__EXERCISE DESCRIPTION__. Somewhere below are a line with "因為受到「季節限定」的迷思,所以飲料點了" and a later line with "ECM Terminal Function". Output exactly those lines and all lines between them.

__RECORDS SHOWN__.
= = = = =

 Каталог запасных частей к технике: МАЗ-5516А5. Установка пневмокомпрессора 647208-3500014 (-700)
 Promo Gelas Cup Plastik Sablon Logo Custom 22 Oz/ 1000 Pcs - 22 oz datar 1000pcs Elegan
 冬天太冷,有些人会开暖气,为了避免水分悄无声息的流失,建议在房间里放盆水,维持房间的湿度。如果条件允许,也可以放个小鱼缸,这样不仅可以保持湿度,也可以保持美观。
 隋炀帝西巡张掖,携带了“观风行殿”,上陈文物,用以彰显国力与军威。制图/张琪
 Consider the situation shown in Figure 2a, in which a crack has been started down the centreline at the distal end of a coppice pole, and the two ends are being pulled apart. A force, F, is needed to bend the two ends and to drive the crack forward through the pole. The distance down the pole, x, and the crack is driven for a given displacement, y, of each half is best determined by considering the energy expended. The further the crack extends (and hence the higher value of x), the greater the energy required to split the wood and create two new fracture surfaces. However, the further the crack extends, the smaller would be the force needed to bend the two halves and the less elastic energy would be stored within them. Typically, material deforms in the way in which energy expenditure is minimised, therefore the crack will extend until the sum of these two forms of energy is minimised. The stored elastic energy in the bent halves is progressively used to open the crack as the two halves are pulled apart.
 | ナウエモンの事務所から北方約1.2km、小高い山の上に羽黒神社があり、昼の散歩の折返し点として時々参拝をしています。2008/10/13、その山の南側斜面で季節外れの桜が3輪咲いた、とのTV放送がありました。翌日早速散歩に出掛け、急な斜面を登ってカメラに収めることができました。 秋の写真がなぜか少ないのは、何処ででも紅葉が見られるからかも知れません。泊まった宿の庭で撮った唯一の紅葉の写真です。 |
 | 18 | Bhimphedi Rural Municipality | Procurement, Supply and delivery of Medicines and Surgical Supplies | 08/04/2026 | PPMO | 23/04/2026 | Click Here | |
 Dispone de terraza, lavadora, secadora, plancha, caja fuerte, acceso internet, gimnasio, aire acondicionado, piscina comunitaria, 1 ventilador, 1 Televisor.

= = = = =

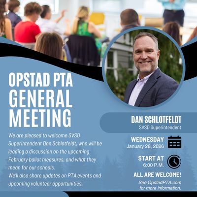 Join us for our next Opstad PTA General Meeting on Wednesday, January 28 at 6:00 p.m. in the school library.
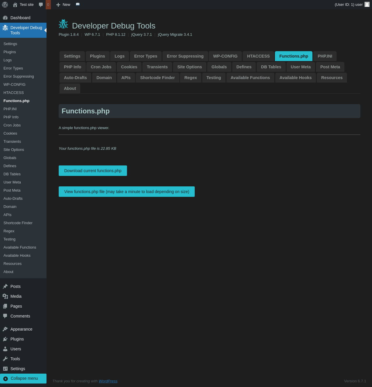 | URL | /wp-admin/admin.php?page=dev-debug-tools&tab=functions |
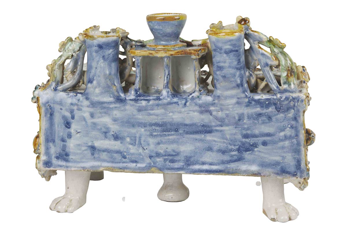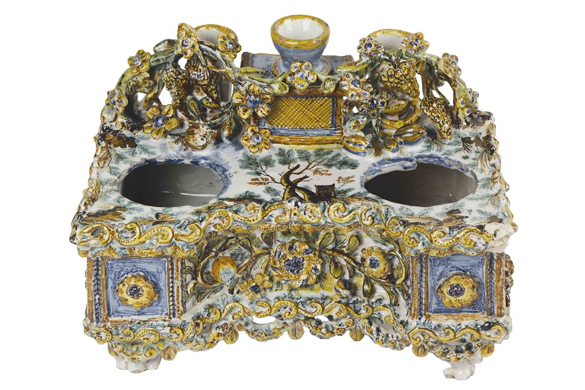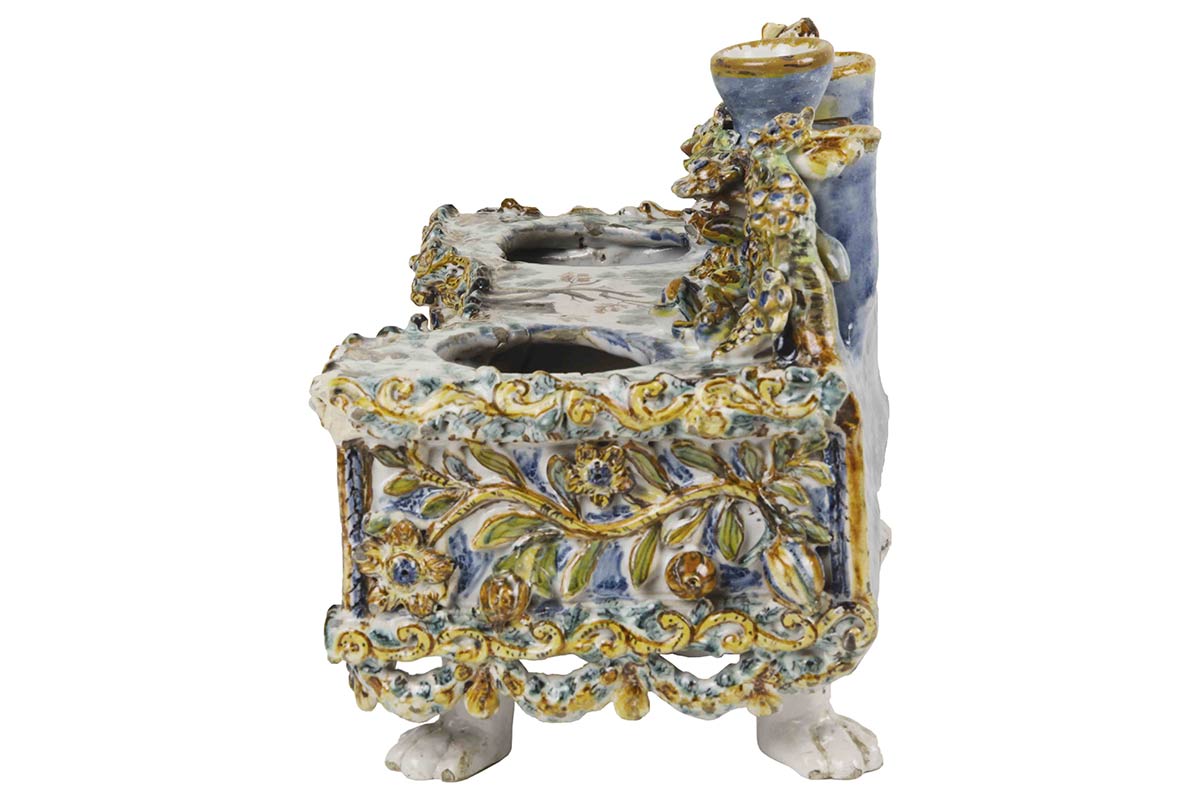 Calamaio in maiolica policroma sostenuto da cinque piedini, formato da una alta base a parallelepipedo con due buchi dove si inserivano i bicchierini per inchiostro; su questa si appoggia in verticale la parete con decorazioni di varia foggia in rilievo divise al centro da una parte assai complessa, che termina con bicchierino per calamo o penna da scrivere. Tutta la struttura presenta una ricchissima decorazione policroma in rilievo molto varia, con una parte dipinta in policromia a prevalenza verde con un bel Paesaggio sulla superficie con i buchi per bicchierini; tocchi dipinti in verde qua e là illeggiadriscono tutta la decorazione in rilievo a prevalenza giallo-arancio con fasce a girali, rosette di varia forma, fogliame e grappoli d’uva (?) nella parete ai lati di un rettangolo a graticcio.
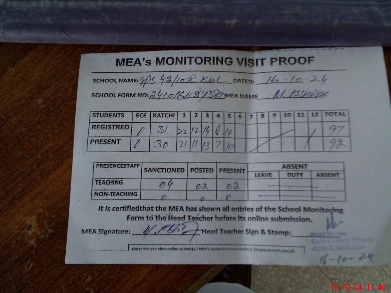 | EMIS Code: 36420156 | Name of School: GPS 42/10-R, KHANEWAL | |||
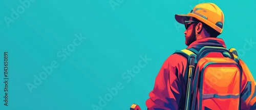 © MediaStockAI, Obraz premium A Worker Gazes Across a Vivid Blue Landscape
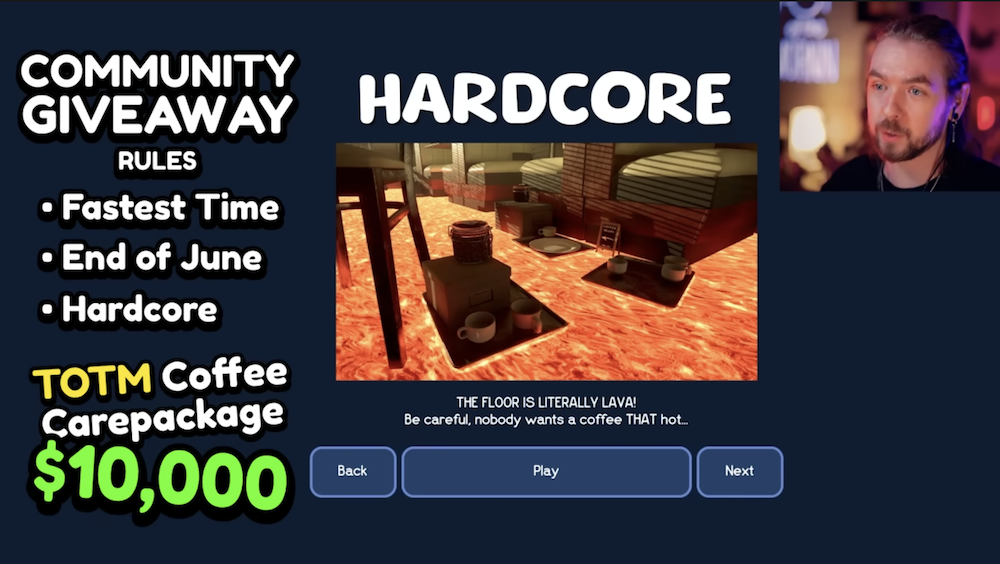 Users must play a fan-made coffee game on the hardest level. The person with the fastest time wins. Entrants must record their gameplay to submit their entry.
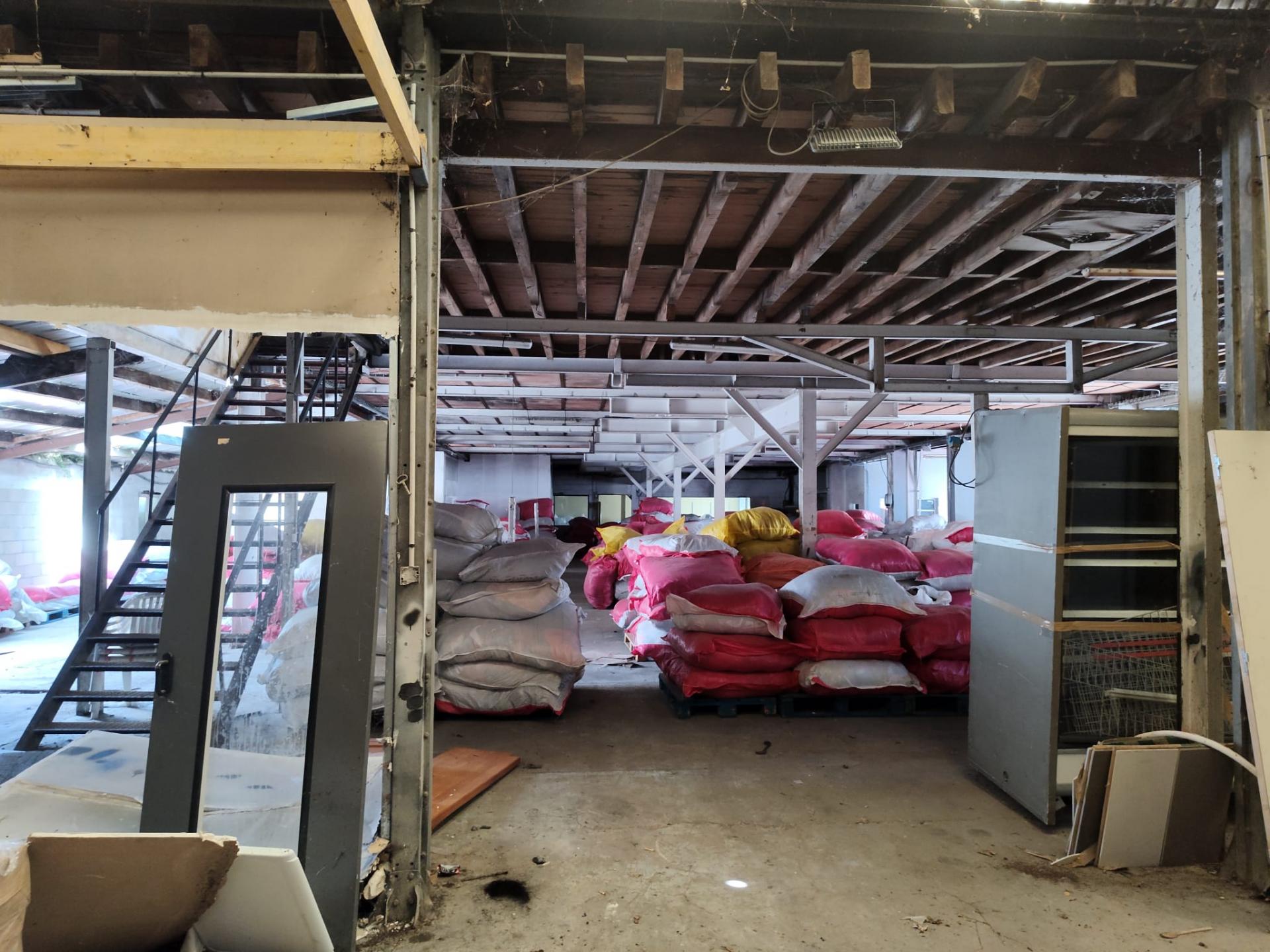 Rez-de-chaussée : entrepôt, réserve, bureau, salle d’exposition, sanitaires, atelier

= = = = =

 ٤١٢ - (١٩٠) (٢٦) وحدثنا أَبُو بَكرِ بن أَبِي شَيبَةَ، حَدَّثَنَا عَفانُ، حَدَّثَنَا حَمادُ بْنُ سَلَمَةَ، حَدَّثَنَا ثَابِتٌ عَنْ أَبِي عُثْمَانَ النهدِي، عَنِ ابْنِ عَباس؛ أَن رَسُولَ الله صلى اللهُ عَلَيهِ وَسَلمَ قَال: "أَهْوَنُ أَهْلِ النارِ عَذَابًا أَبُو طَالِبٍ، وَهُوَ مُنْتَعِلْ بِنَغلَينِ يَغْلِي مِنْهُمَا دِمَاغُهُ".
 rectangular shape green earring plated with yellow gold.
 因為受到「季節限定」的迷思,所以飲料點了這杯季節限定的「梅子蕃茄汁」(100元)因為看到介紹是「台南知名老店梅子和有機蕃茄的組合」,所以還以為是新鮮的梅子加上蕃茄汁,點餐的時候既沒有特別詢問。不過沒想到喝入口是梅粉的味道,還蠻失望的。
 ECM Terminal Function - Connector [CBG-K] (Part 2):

= = = = =

__EXPECTED ANSWER__.
 因為受到「季節限定」的迷思,所以飲料點了這杯季節限定的「梅子蕃茄汁」(100元)因為看到介紹是「台南知名老店梅子和有機蕃茄的組合」,所以還以為是新鮮的梅子加上蕃茄汁,點餐的時候既沒有特別詢問。不過沒想到喝入口是梅粉的味道,還蠻失望的。
 ECM Terminal Function - Connector [CBG-K] (Part 2):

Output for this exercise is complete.